I asked because I didn't understand the post (as in from anther poster).

Your feelings are entirely normal and natural. You must hold on the fact that you've done the right thing. Emotions are irrational inexplainable things, as such, I'm not surprised you've found yourself on a bit of a roller coaster.

You keep on keeping on! "ditching the fantasist is a good start" is something to hold on to.

Oddsod · 17/10/2015 21:19

inthebox yes it would look a bit weird if it were another poster!

Thank you for the validation. I know I shouldn't need it at my age but it's hard to know when I seem to be swimming against a tide of people telling me one thing and my own brain/heart/loins telling me something different.

I have ill health and we have some mutual friends, somebody has obviously told him I'm having a bad time as I came home today to a bouquet and a note on the doorstep wishing me well and saying sorry for being a fool. It's a nice gesture....
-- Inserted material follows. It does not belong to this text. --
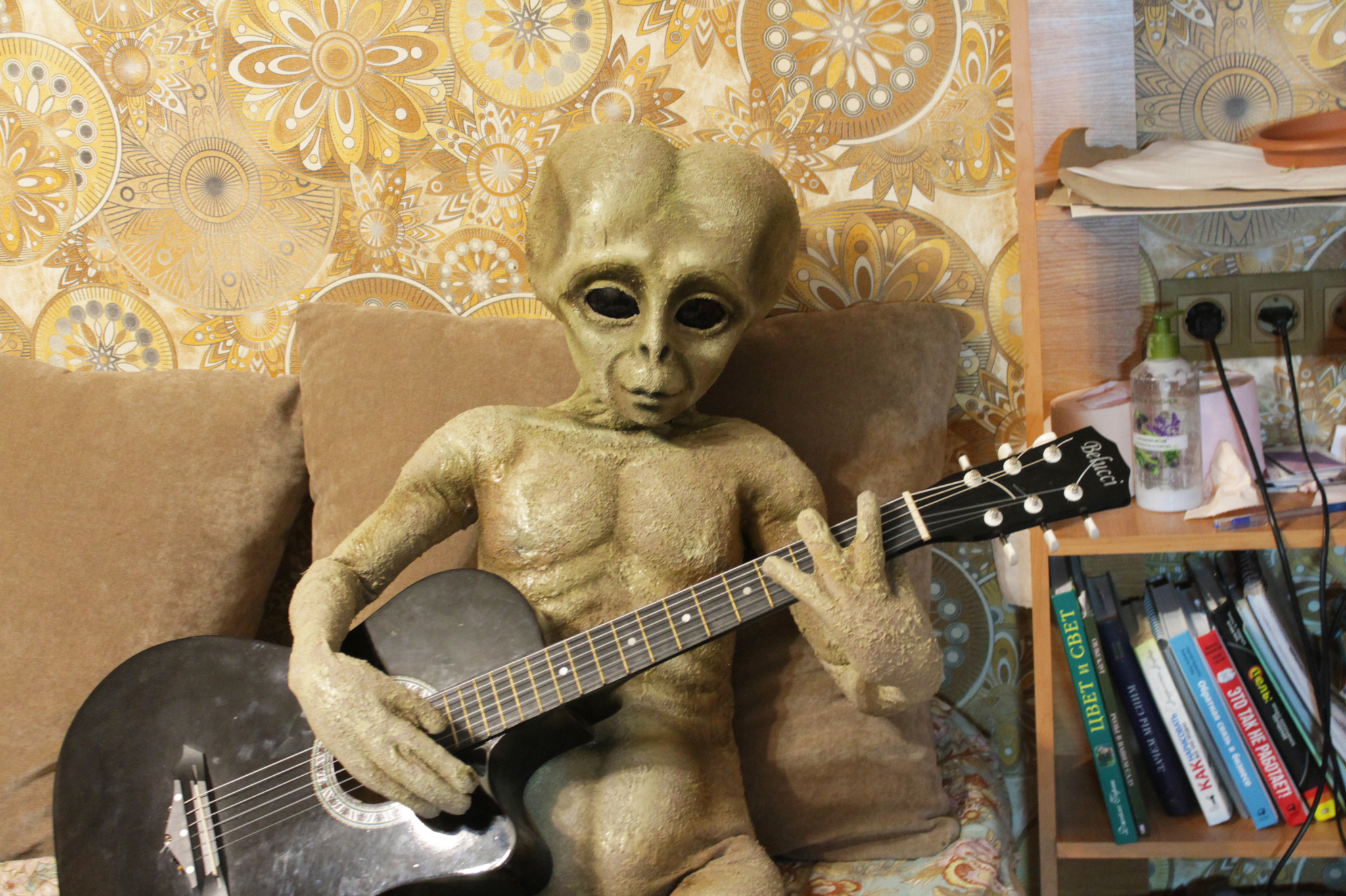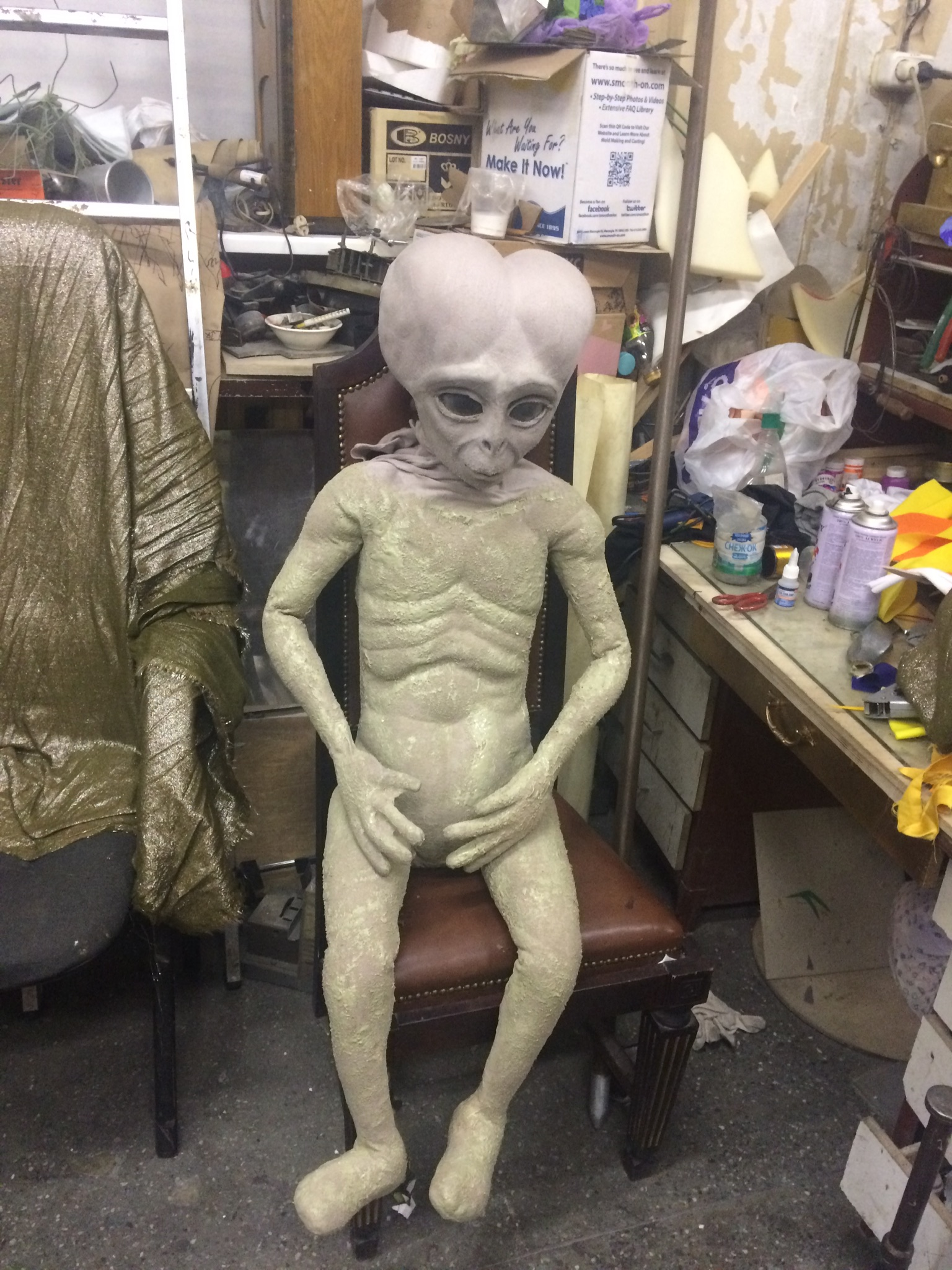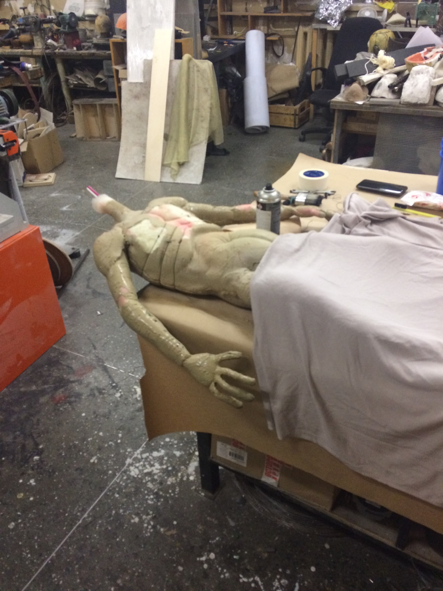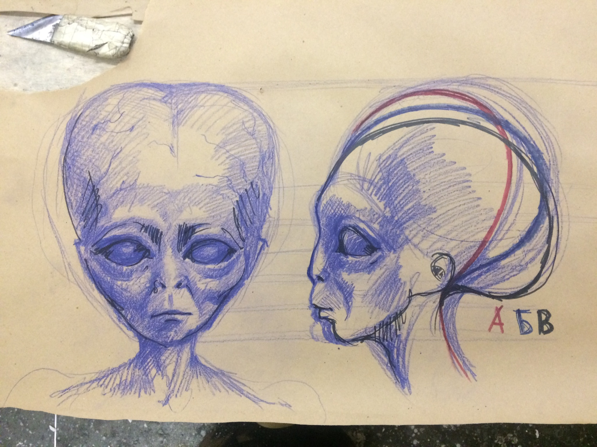 Голову делал мой коллега. Нарисовал эскиз, вырезал из пенопласта, оклеил папье-маше, тканью.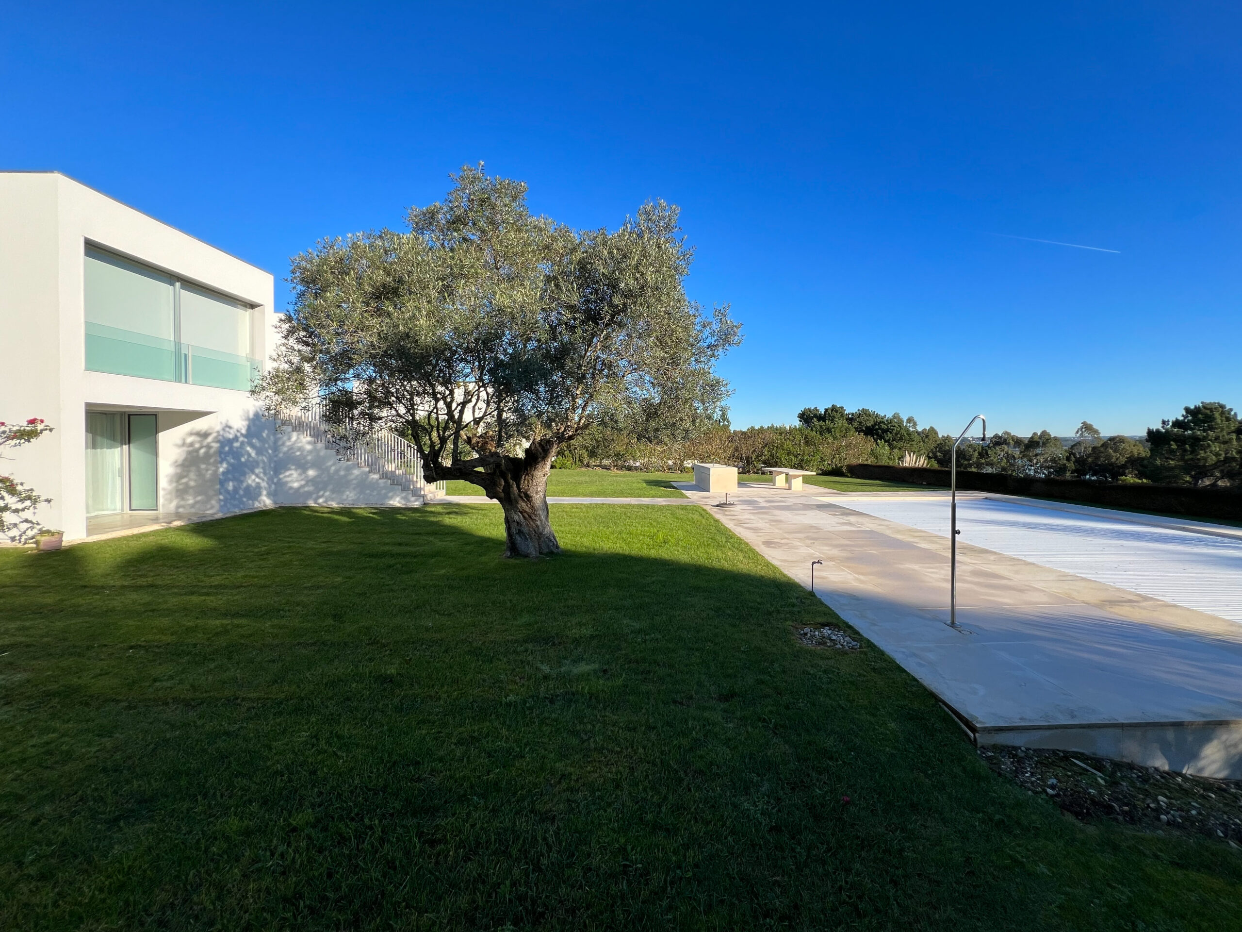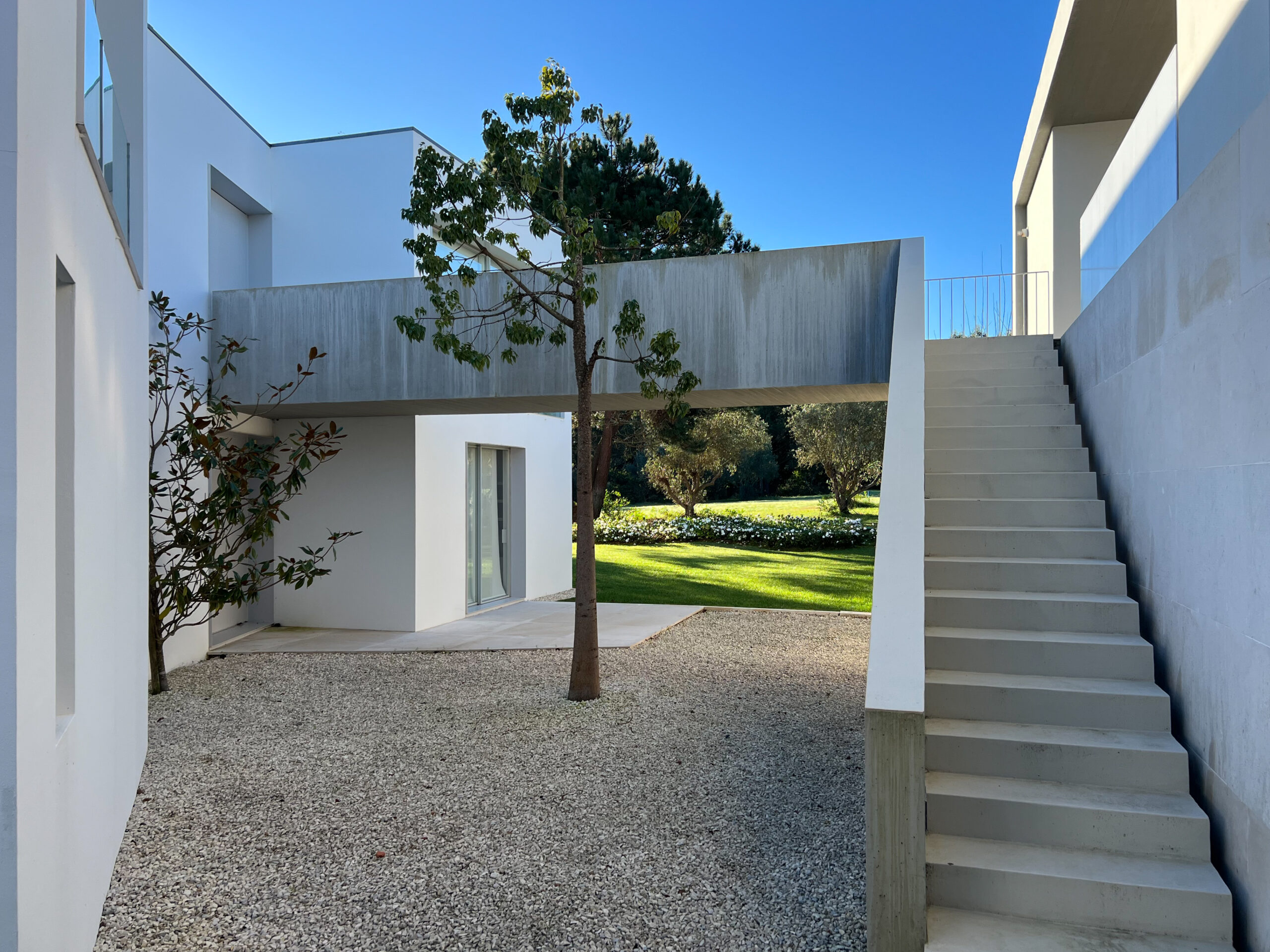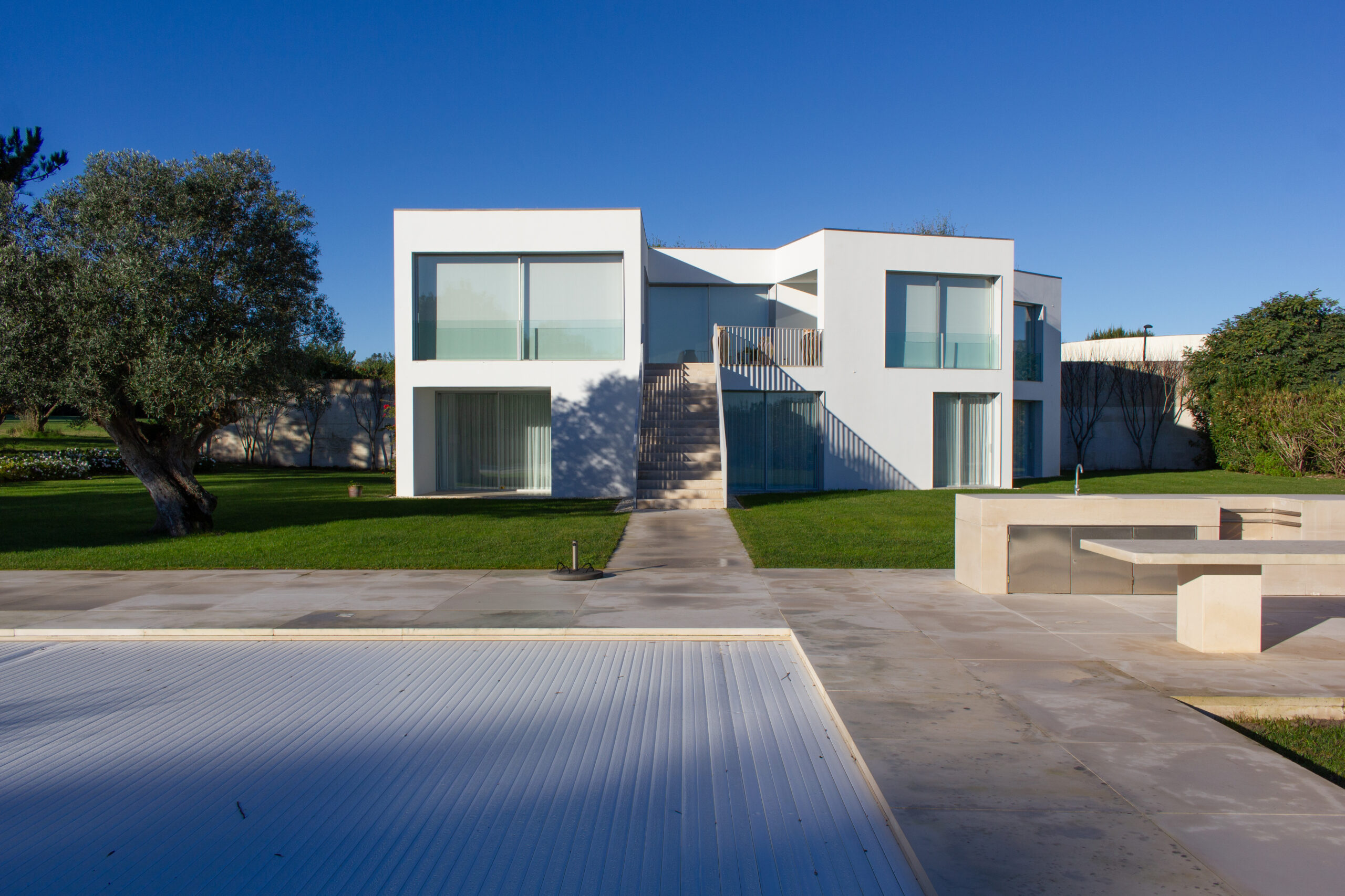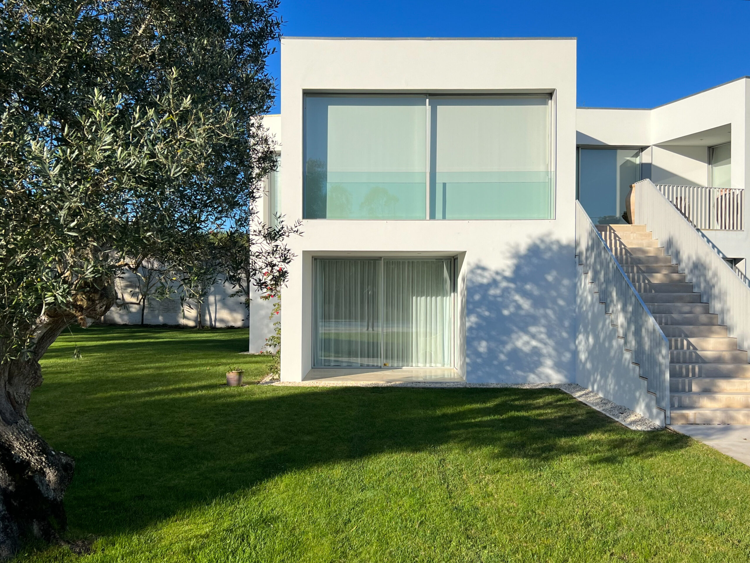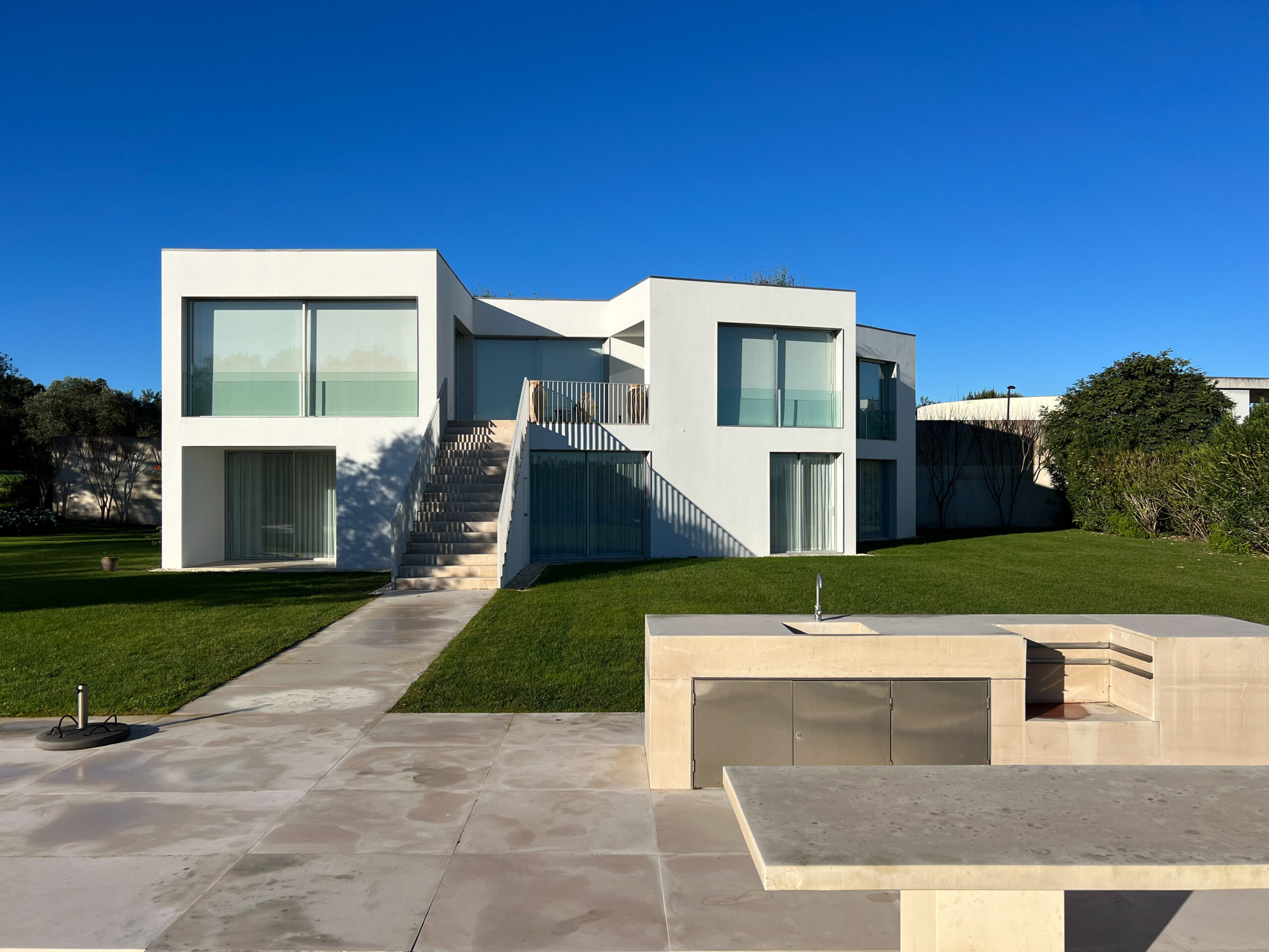“From the entrance hall, you have a direct view of the garden and the Óbidos Lagoon. From here, you enter the dining room, living room, and kitchen. Continuing from the lobby, a wide outdoor staircase leads over the terrace directly into the garden and pool, creating a strong optical connection between house and garden.” – David Chipperfield

I think the missing him is natural. Missing the jokes and the physical side and the things we enjoyed together but I think as with the grieving over my divorce and grieving over my childhood and my dreadful parents, and grieving over him, I'm grieving for and missing things I never had, the failed marriage, the useless parents, the man I though Peter Pan was.

I'm not going to get better physically so am grieving my fitness and mobility and having a dreadful time at work, a place where I've always had a great reputation and since becoming ill most of the old senior staff have left and there's nobody there who remembers how I was and nobody who knows my worth there, so me asking for reasonable adjustments based on my health seems like me just being a demanding, mardy cow.

I have gone off course but the point I'm making is that I'm really struggling and really lonely right now. And disappointment is making me feel so sad.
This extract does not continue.